Oben wurde bereits deutlich, dass politische Bildung heute kaum mehr zweckfrei stattfindet – entweder gibt es die in der gebotenen Klarheit und Abgrenzung beschriebenen Zusatzeffekte in Form der Vermittlung von Fertigkeiten. Oder die Menschen sind dann interessiert an politischem Wissen, wenn sie eine ganz konkrete Situation vor Augen haben, in der sie ihre gewonnene Bildung anwenden können. – „Omas gegen Rechts“ wollen sich engagieren und deshalb wissen, wie sich die extrem rechte Szene aktuell darstellt, wie sich die Szene aus Verschwörungsgläubigen, Esoteriker*innen und Reichsbürger*innen einschätzen lässt.
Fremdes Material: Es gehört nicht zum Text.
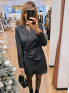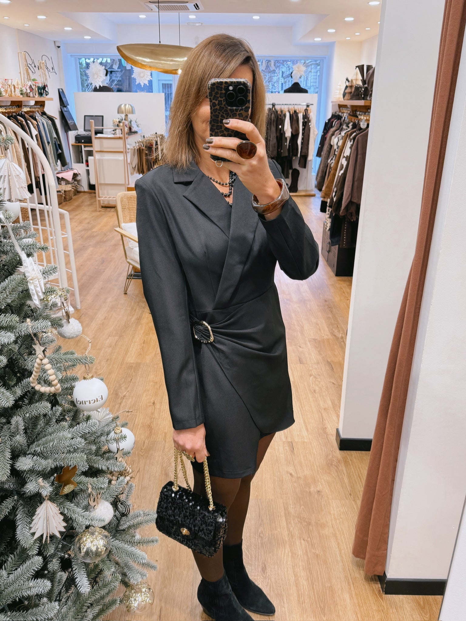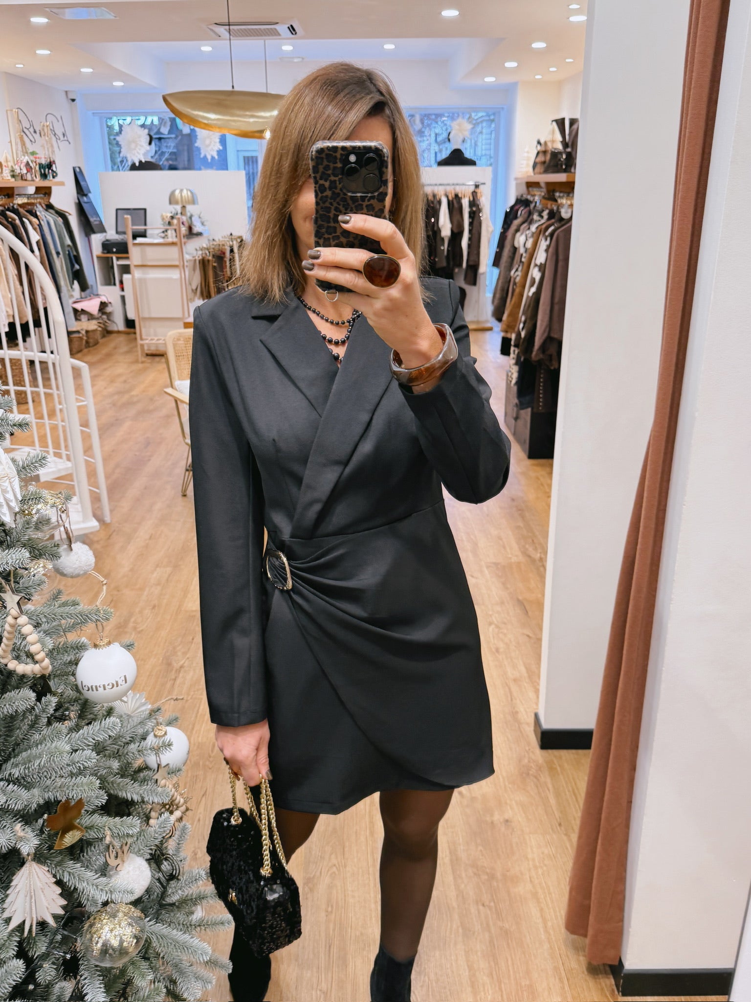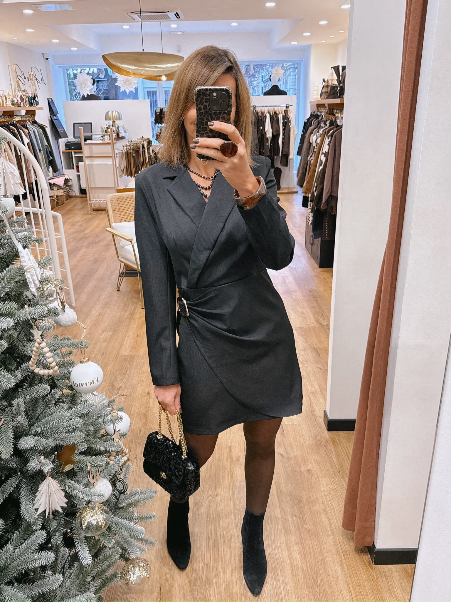 Coupe portefeuille élégante avec un drapé latéral qui affine la taille.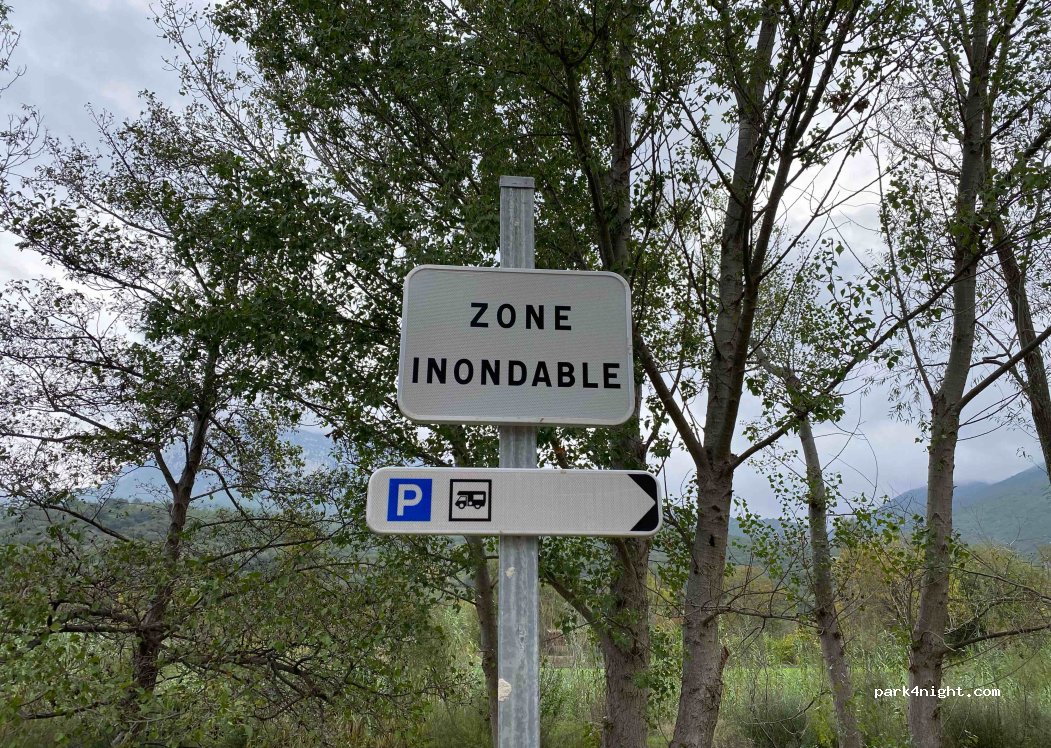 grande parking le long de la rivière , emplacement assez large entre les lauriers rose . manque une borne de vidange et remplissage .Merci a la municipalité pour cet aire gratuite

Kommunalpolitiker*innen wollen wissen, welche Strategien sie anwenden können, um mit den frisch in ihr Parlament gewählten Rechtspopulisten demokratisch fair, aber dennoch in der gebotenen Klarheit und Abgrenzung umgehen können. Menschen, die Protestkundgebungen gegen extreme Rechte anmelden, besuchen bei uns eine Online-Veranstaltung, bei der wir ihnen eine juristisch-politische Expertise anbieten.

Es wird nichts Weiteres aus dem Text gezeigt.